Although pictures appear in the data, the answer should contain only the lines from its start through the line with "- Gire la cara", written out exactly.

- DATA SEGMENT
========================================

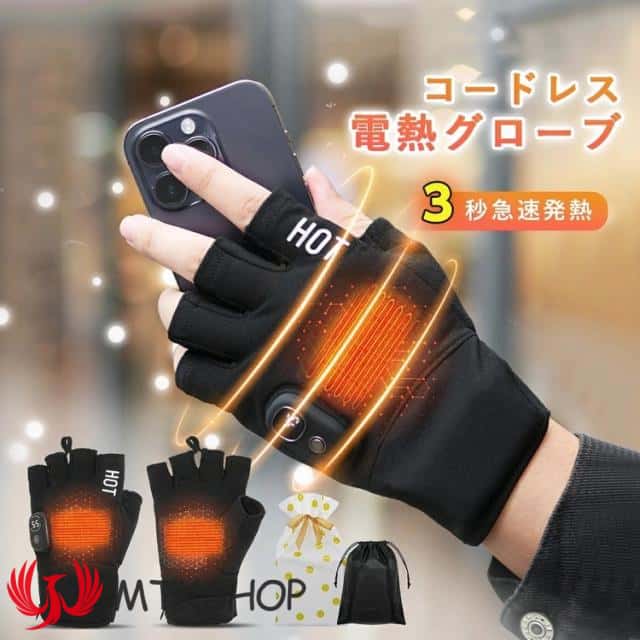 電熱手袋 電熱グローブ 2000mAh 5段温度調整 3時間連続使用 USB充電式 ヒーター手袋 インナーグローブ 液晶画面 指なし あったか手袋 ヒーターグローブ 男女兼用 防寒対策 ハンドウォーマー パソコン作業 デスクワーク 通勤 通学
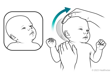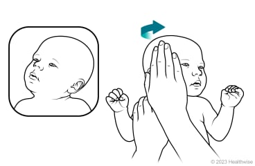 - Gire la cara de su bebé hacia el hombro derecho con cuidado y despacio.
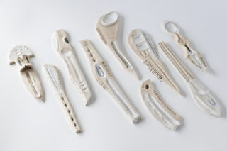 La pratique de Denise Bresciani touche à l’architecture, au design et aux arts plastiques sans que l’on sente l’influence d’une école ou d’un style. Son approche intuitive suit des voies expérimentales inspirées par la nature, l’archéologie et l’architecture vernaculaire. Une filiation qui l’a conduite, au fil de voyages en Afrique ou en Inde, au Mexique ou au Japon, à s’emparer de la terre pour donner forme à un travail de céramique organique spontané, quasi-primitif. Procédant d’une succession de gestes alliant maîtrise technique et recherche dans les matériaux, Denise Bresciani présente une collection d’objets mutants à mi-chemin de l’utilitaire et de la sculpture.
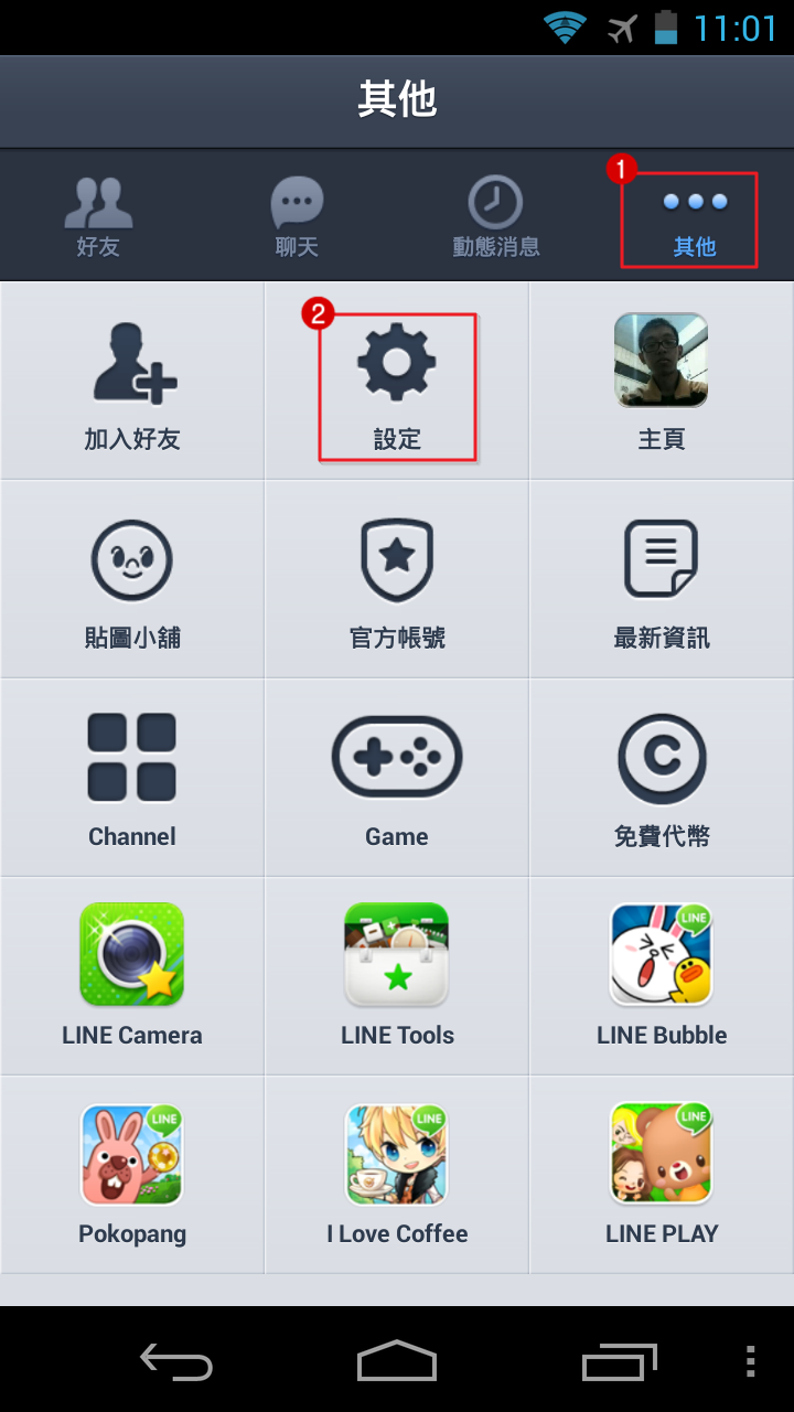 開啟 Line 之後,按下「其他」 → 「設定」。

========================================

- EXERCISE SOLUTION
 電熱手袋 電熱グローブ 2000mAh 5段温度調整 3時間連続使用 USB充電式 ヒーター手袋 インナーグローブ 液晶画面 指なし あったか手袋 ヒーターグローブ 男女兼用 防寒対策 ハンドウォーマー パソコン作業 デスクワーク 通勤 通学
 - Gire la cara de su bebé hacia el hombro derecho con cuidado y despacio.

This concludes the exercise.